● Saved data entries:
☆ ☆ ☆ ☆ ☆ ☆ ☆

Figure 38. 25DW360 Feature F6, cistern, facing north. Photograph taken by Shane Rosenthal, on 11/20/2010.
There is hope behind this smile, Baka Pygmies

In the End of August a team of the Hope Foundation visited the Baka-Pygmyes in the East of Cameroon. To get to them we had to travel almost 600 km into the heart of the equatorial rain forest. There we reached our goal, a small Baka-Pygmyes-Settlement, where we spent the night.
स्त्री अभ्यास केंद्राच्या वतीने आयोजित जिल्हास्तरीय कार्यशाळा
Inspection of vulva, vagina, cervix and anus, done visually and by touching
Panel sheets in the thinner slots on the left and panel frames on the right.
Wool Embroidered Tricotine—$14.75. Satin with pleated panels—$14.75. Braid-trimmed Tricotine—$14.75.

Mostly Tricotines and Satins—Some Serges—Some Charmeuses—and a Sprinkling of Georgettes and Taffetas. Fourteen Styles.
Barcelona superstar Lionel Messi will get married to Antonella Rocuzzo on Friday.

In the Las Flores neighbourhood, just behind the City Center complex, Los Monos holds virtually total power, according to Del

☆ ☆ ☆ ☆ ☆ ☆ ☆

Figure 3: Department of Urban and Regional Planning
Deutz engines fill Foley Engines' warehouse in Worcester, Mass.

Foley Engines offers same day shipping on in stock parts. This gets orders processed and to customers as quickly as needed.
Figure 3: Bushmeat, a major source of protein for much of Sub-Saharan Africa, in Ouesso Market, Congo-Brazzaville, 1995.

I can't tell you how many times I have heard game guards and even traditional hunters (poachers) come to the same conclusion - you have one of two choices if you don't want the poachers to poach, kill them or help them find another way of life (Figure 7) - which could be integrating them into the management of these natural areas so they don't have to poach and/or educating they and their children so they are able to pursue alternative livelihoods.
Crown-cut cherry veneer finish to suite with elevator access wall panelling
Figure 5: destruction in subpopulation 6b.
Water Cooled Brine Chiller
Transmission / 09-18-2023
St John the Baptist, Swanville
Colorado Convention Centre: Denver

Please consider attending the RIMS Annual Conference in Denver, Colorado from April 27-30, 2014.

☆ ☆ ☆ ☆ ☆ ☆ ☆

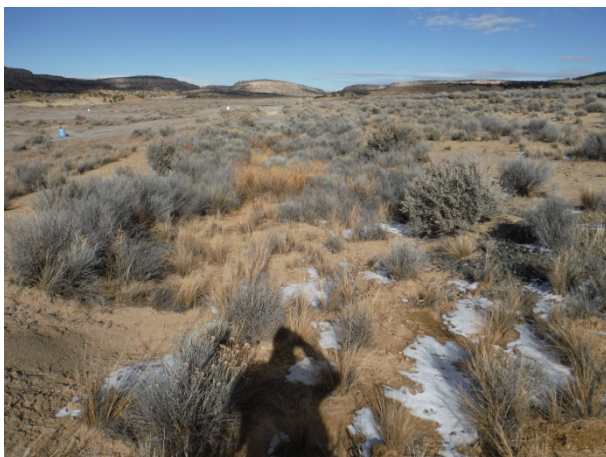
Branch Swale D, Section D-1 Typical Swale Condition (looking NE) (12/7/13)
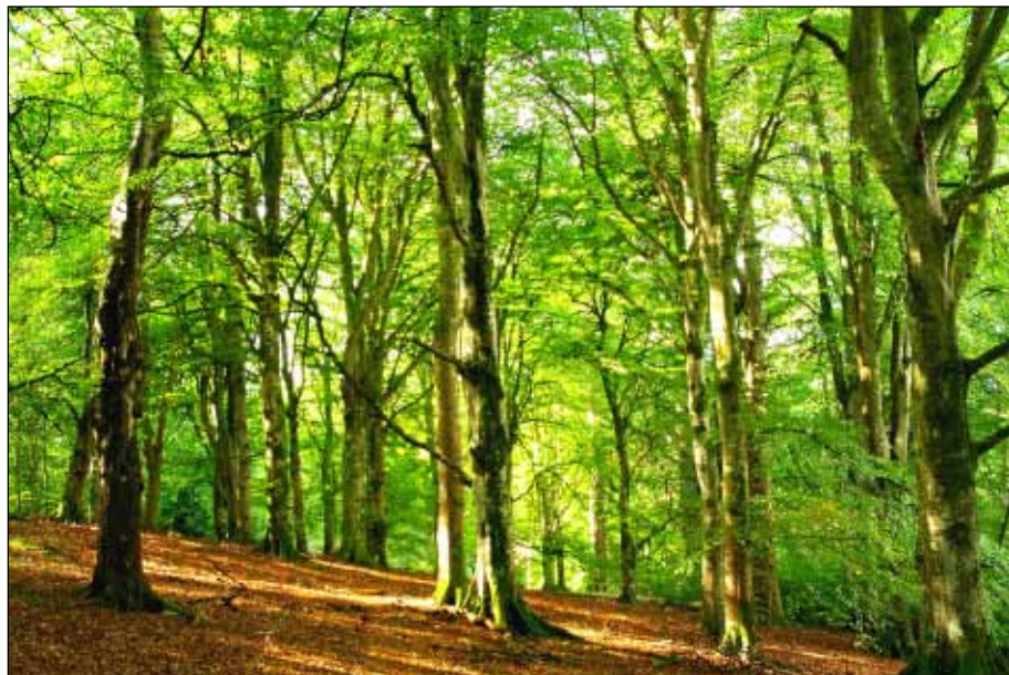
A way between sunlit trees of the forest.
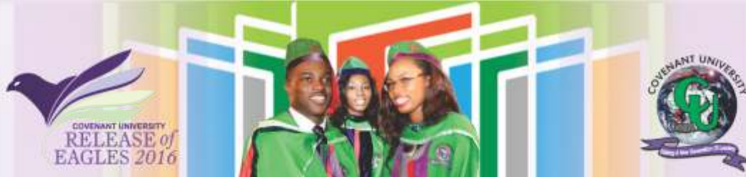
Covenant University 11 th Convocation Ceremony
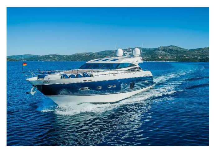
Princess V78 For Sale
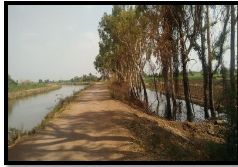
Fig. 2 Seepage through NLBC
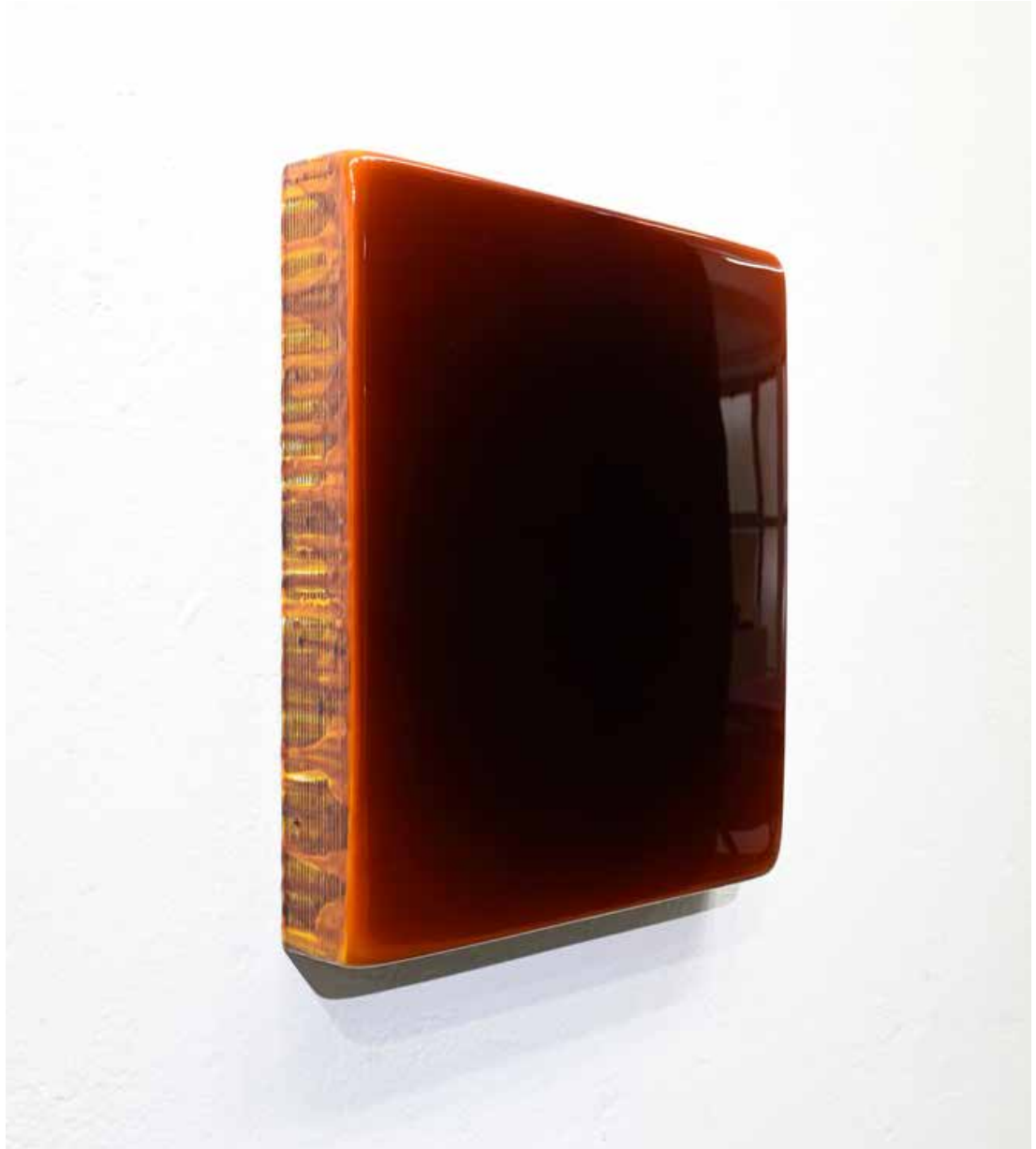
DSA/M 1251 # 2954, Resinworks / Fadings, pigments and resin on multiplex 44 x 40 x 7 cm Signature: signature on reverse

☆ ☆ ☆ ☆ ☆ ☆ ☆

● The problem: Find the lines in the records that contain the word "forest", then copy every one of them.

● Solution for this problem:
In the End of August a team of the Hope Foundation visited the Baka-Pygmyes in the East of Cameroon. To get to them we had to travel almost 600 km into the heart of the equatorial rain forest. There we reached our goal, a small Baka-Pygmyes-Settlement, where we spent the night.
A way between sunlit trees of the forest.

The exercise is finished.